At 4:44 p.m., the trial judge summoned the jury back to the courtroom to question them regarding a deadlock. It is that questioning which defendant now complains of *130as an “improper instructional substitute for MAI-CR3d 312.10.”

THE COURT: Mrs. Blasingame, I am going to ask you some questions. It’s important that you just answer the question that I ask and do not go beyond that with any further explanation unless I ask for it.
VENIREMAN BLASINGAME: Okay.
THE COURT: What I want to ask you now is, and at this point if you will just give me a yes or no answer I think that may be sufficient. If I have further question I will inquire but the jury has been out now for something over five hours. It is now approximately 4:46 p.m. Do you believe that the jury is making any progress at the present time toward arriving at a verdict?
VENIREMAN BLASINGAME: Yes.
THE COURT: Do you believe that given some additional time the jury can arrive at a verdict?
VENIREMAN BLASINGAME: Yes.
THE COURT: Do you believe you can do that without any further assistance or instructions from the Court?
VENIREMAN BLASINGAME: No, I think we can use some assistance. We have a question on a couple of things.
THE COURT: If you have any specific questions you will have to write them out. However, counsel, will you approach the bench?

At this point, the trial judge proposed to give instruction 312.10 because the jury was close to being deadlocked; however, counsel for defendant objected on the ground there was no deadlock at this point. Thereafter the judge conceded, telling the jury the following:

THE COURT: Mrs. Blasingame, I think the appropriate thing to do at this time would be to tell you that you should return with the jury to the jury room. If you do have some further question you might write that out.

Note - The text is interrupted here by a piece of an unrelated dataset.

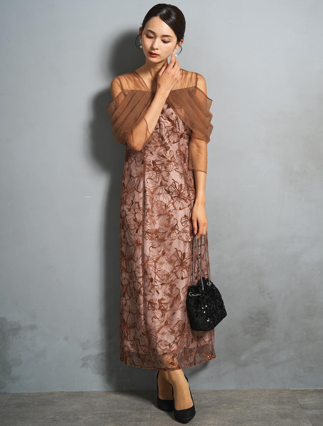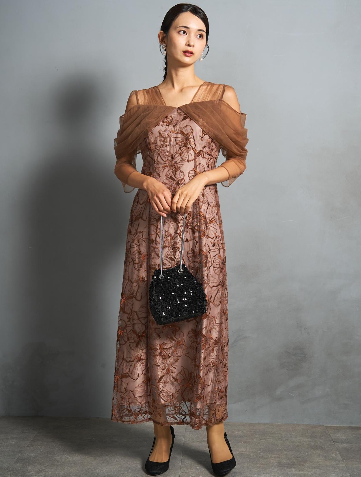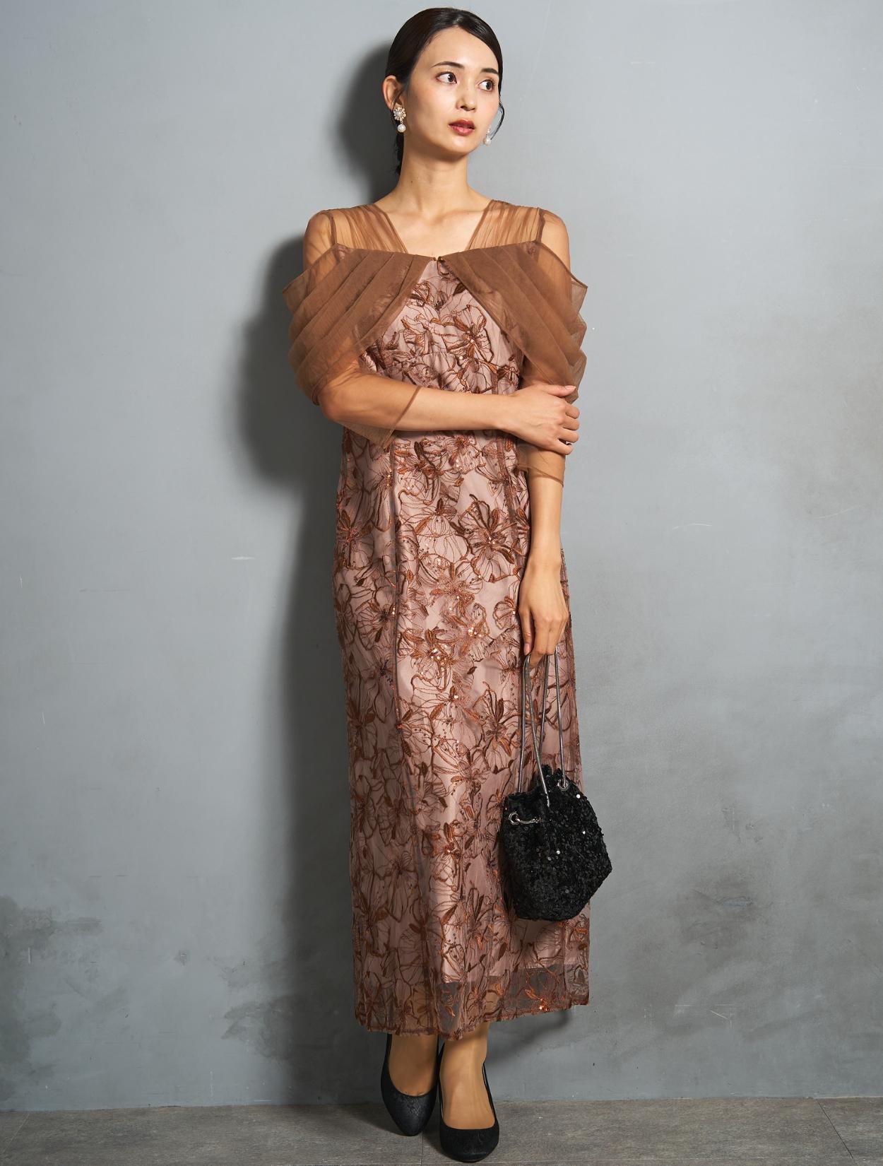 人気のスパンコール刺繍レースのシリーズドレス。ふんわりエアリーなソフトチュールのオフショルダーが目を惹きます。程よくフェミニンなテイストが、大人かわいいを叶えてくれます。透け感のあるシアースリーブですが、気になる二の腕はソフトチュールでしっかりカバー。重たく見えないのに隠したいところは隠せる人気のデザインです。

However, I may or may not be able to give you any further instruction in connection with any specific question that you may have. As you know, the laws are rather particular with reference to these instructions. That’s why we take the time we took to prepare the instructions which were given to you and so we may or may not be able to answer any specific questions you have but we will deal with that when we see what you have. But I would prefer rather than to have you try to state that now, I would prefer you to go back into the jury room with the jury and write out any question that you might have. If you still have a question now regardless of what has taken place here or anything I have said now, you have all of the instructions given. You should be guided by those instructions. You should continue with your deliberations just as you have before and you are, of course, not to feel that you are committed in any way with respect to those instructions or the verdicts but simply proceed with your deliberations. Very well. Take those back with you to the jury room. You may retire to the jury room at this time, (emphasis added).

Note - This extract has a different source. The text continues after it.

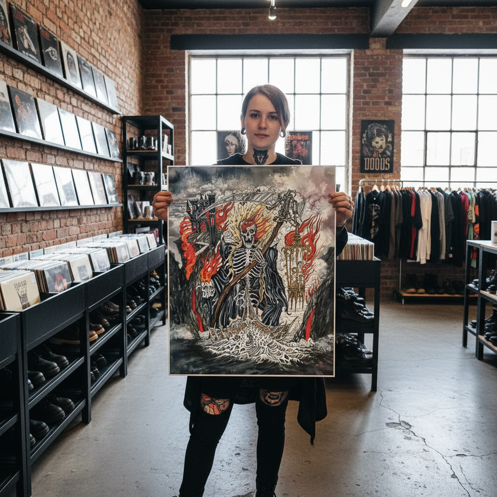 Printed in-house as a premium fine-art giclée using archival methods at Mindzai Creative on archival fine-art stock, this piece stands as both flash and fine art — a dramatic, romantic centerpiece for collectors and tattooers.

Because of defendant’s objection, the hammer instruction was not given. Defendant’s refusal of this instruction constitutes a binding waiver. State v. Howard, 615 S.W.2d 498, 500[7] (Mo.App.1981). Such a response has been called “self-invited error.” State v. Coleman, 660 S.W.2d 201, 209 (Mo.App.1983); Howard, 615 S.W. 2d at 500[7].

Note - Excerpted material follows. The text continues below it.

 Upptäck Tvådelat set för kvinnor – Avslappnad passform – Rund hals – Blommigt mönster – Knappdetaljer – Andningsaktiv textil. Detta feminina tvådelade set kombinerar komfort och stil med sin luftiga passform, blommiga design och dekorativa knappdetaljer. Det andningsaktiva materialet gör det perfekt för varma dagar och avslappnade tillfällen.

In any event, the trial judge’s comments were not an improper oral instruction to the jury as defendant asserts. Defendant cites the cases of State v. Steward, 734 S.W.2d 821 (Mo. banc 1987) and State v. Hayes, 563 S.W.2d 11 (Mo. banc 1978), in support of his proposition. However, we find the judge’s remarks were merely designed to determine whether the jury could reach a verdict and were not used as a substitute for the hammer instruction. See State v. Harvey, 641 S.W.2d 792, 799[3] (Mo.App.1982).

Judgment affirmed.

GARY M. GAERTNER, P.J., and REINHARD, J., concur.